In short, randomized trials have seen a very limited adoption in education, for very good reason. They are not a terribly informative way to address many educational questions. Nevertheless, they do have a role to play, in examining such relatively standardized therapies as e-learning (Cook et al. 2008), and simulation (maybe) (Issenberg et al. 2005). Even here, however, just about every attempt to conduct a systematic review of an educational area to determine overall if it “works”, has become mired in specificity. The reviews by Cook et al. (2008) and Ruiz et al. (2009) related to e-learning and animation are exceptional. But of the 9 published BEME reviews, only one was able to estimate an overall effect. Ironically, this was a review of predictive validity of assessment methods, based on correlational studies (Hamdy et al. 2006).

But no one would suggest that we abandon educational experiments although a few people (Regehr 2010; Mennin 2010), have suggested, or at least implied, just that. I don’t agree. Educational experiments can provide useful information that cannot be learned any other way. Cook et al. (2008) review is one example of the utility of experiments; the active research program of Mayer (1997) is another.
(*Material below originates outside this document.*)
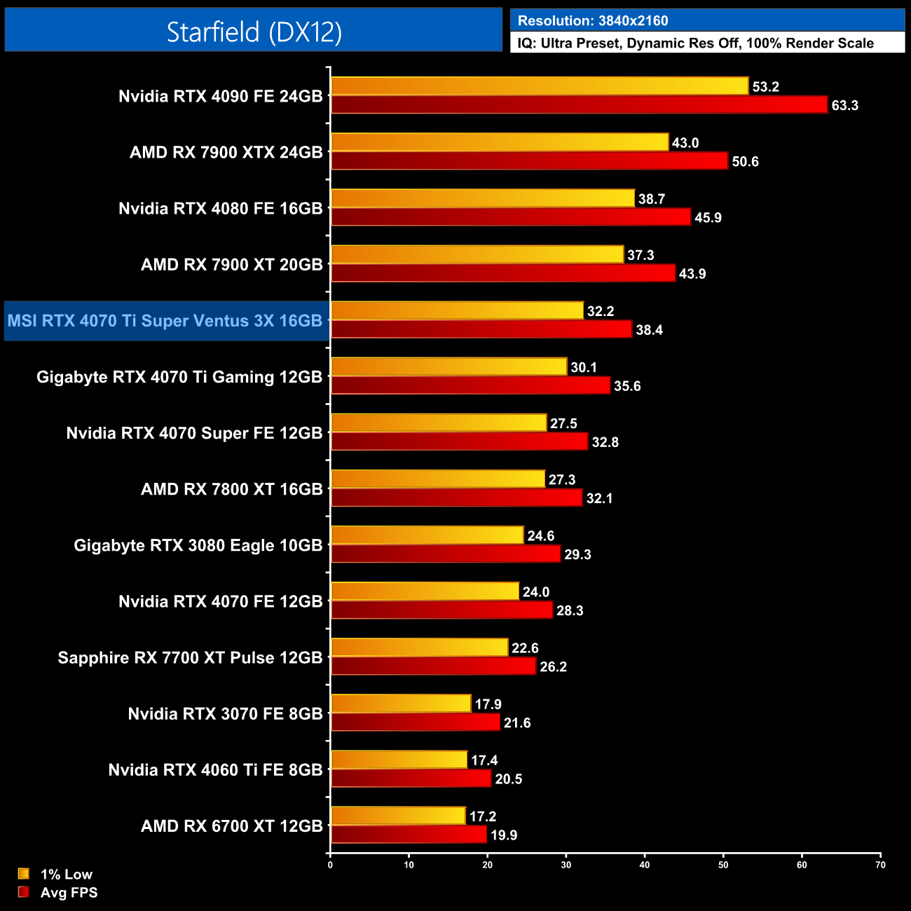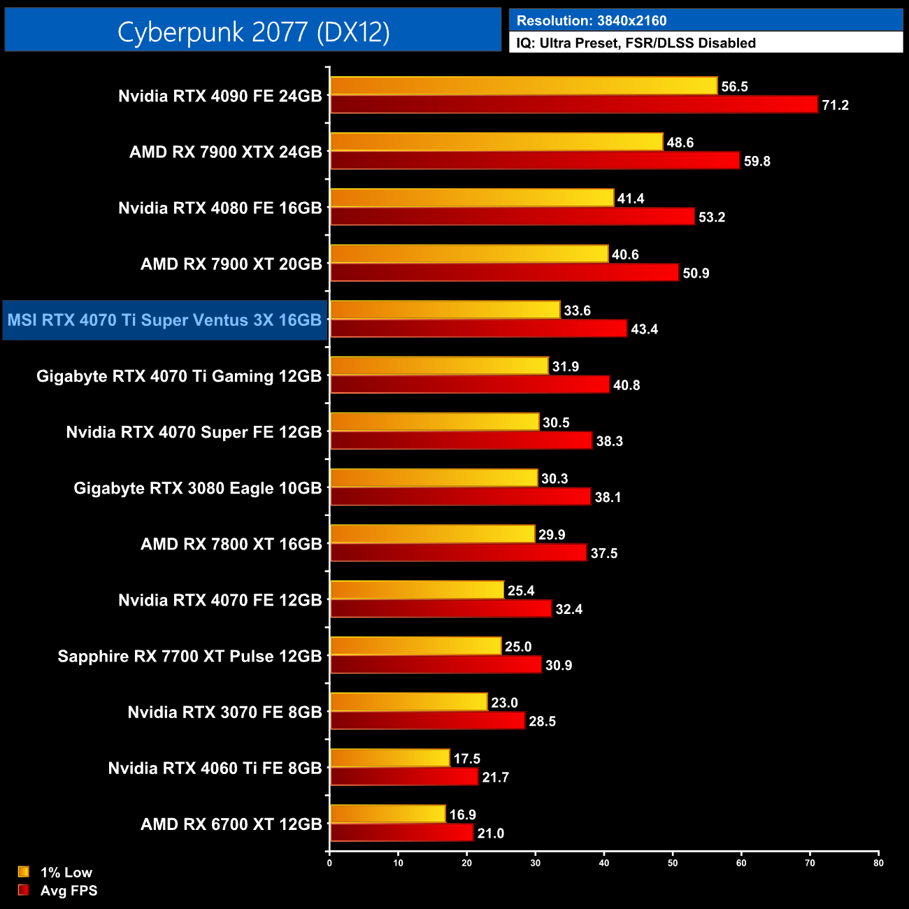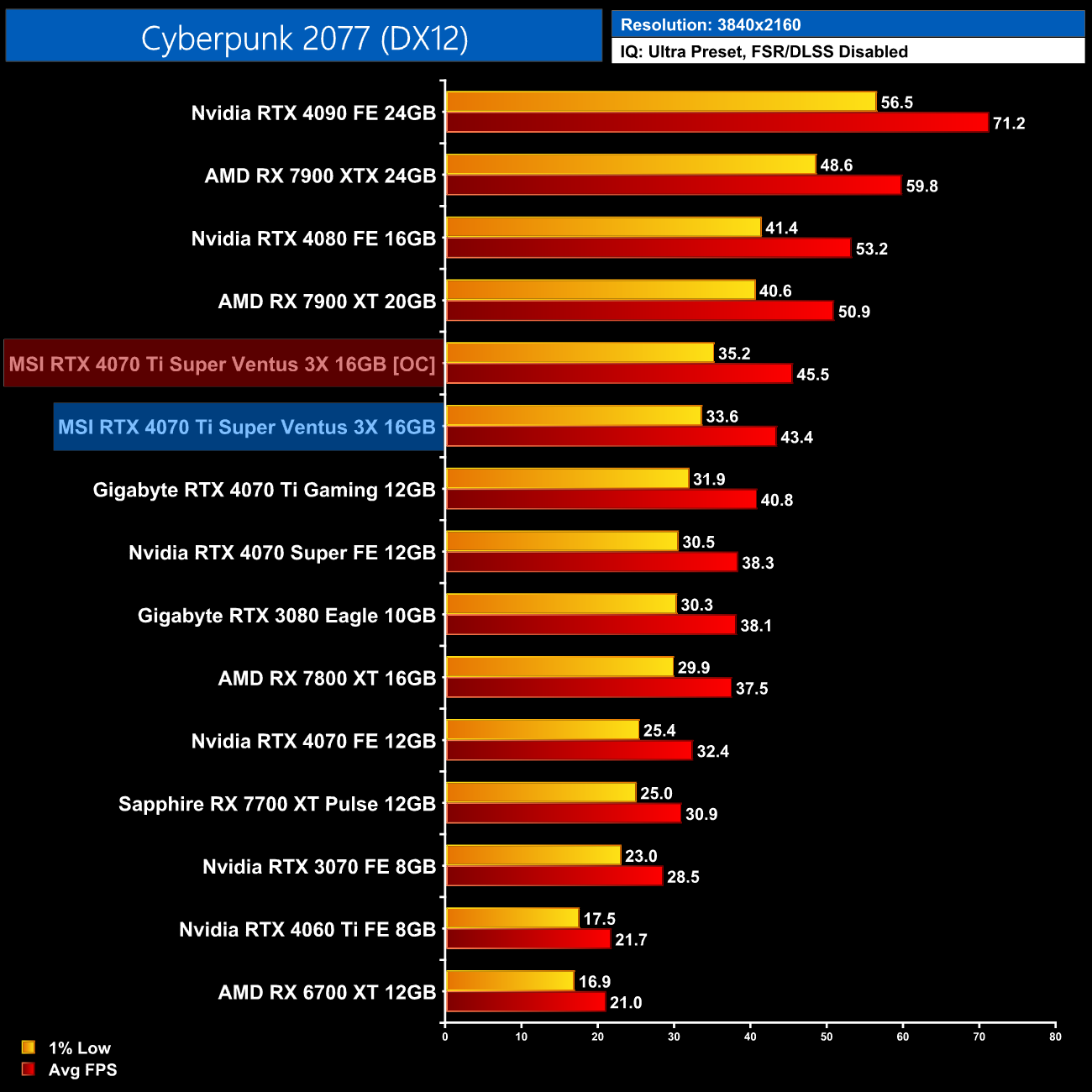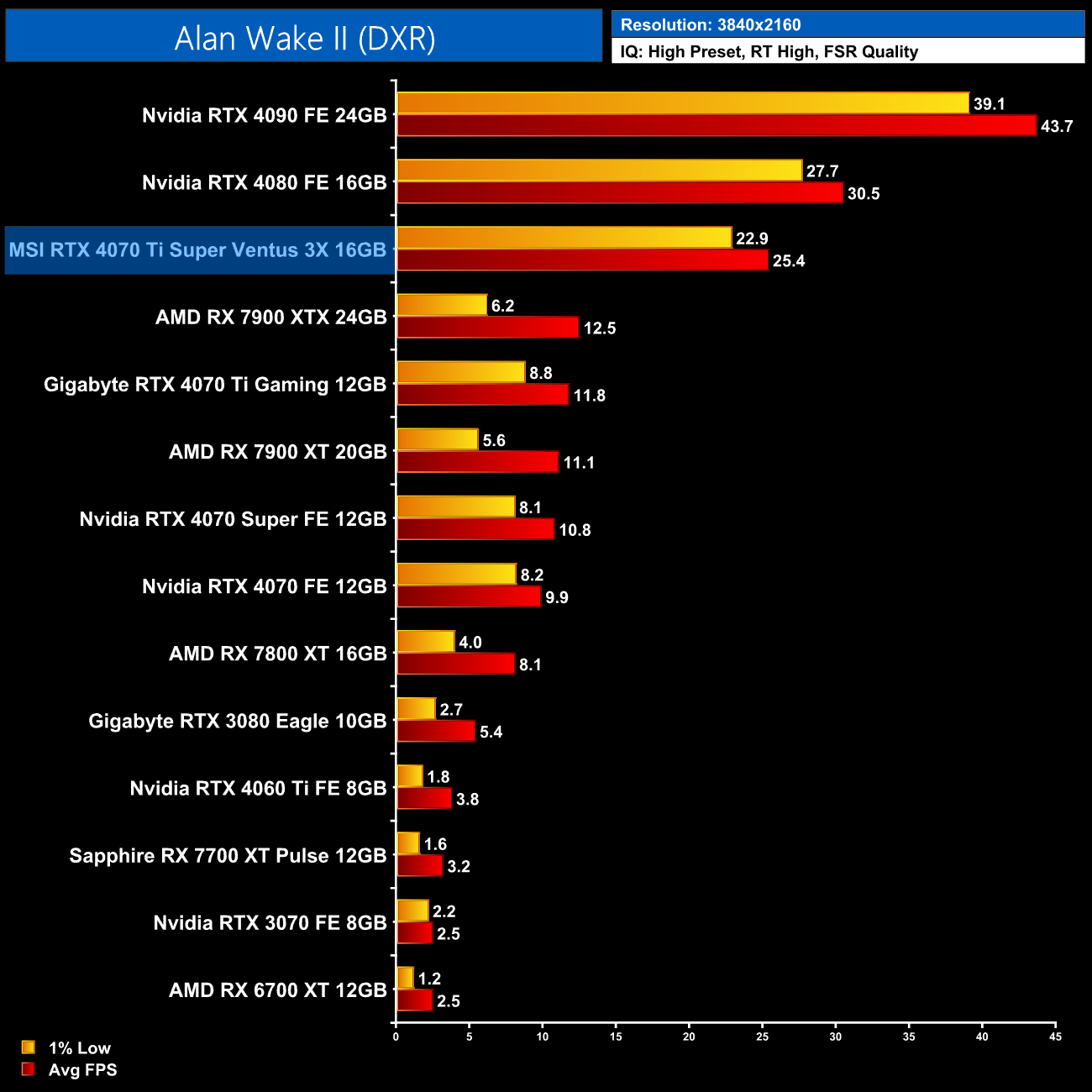 4K is another example of the benefit of a 16GB framebuffer though. The RTX 4070 Ti and other 12GB cards drop off significantly, whereas the 4070 Ti Super stays smooth and averages 38FPS – making it 50% faster than the non-Super model.

But it is critical to recognize that is is not randomization per se that is critical to the quality of educational experiments, or that the methods of clinical experimental research can and should be adopted wholesale into the educational setting.

David Cook, in this issue’s Reflections article, reflects carefully on the specific characteristics of the educational environment, and examines the question of what aspects of design are critical in the conduct of experimental studies in education. In doing so, he has created a masterpiece of scholarship, drawing from sources spanning several decades, from the classic tomes of experimental design (which, by the way, originated in education, with Campbell and Stanley 1983), to contemporary sources. He points out the fallacy in the assumption that randomization is the magic bullet, and carefully elucidates various special aspects of the educational environment that require different approaches to design and analysis.

This is an informative, state of the art, paper. It should be required reading for anyone venturing into the dangerous waters of educational interventions. I m delighted to see it in the pages of AHSE.